Managing for After-Tax Returns

Unlike institutional investors, most individual investors have to consider the effect of taxes on their investment returns.  At TIA, tax management is an essential component of investment management.  Tax management begins with reviewing the cost basis of the client’s existing portfolio, establishing a portfolio plan that seeks to reduce the realization of taxable gains, and continues as an everyday part of portfolio management.

TIA views your entire portfolio as a single entity, spanning your regular accounts, trusts, IRA rollovers, and other accounts. By design, TIA locates different types of assets in different accounts according to their tax characteristics. We position portfolios to utilize the tax advantages that qualified dividends and many bonds enjoy. And we seek to utilize an advantageous mix of capital losses and gains to minimize the taxes that you would ordinarily have to pay due to ordinary income and/or capital gains. TIA’s tax tactics are designed to complement the tax strategy that you and your tax advisors have created to benefit you.

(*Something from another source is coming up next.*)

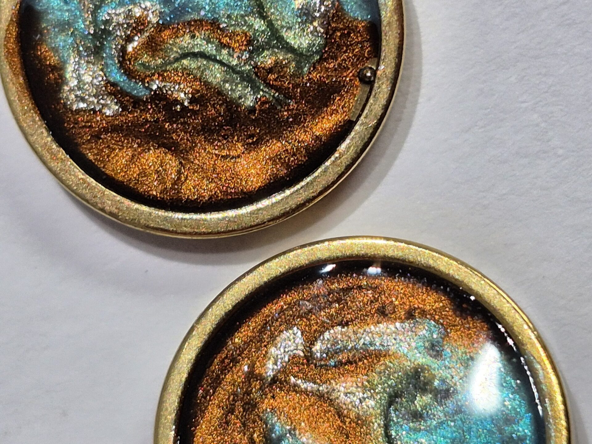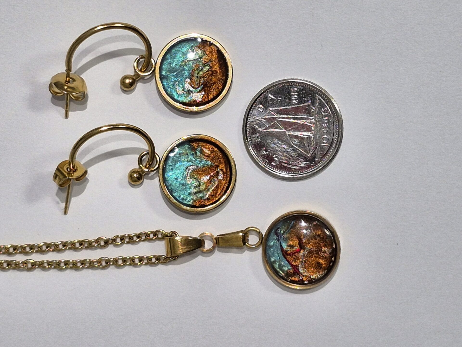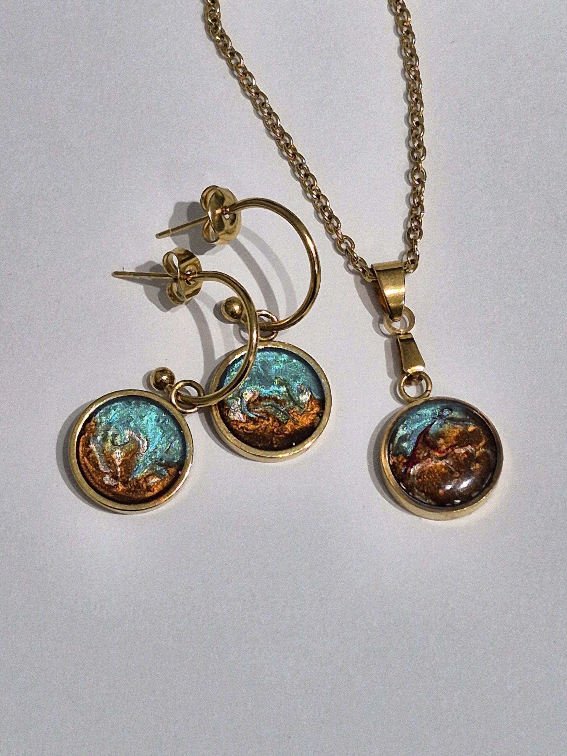Ensemble doré, collier et boucles d’oreilles en acier inoxydable hypoallergénique, peint à la main avec vernis et résine époxy..

Tax considerations also come into play when TIA restructures a portfolio. The implementation plan includes a careful examination of your existing portfolio, including its unrealized gains and losses. We may sell a position that has unrealized losses and retain one with unrealized gains to minimize taxes while at the same time establishing your new portfolio. Unlike with many larger, more well-known traditional investment managers, you and your portfolio are not force fit into the highly-touted “ideal” portfolio that their remote expert has designed for the ideal client. TIA’s structured, quantitative approach to portfolio management creates far more flexibility and applies far more expertise to these individual choices than does a typical traditional program of separately managed accounts.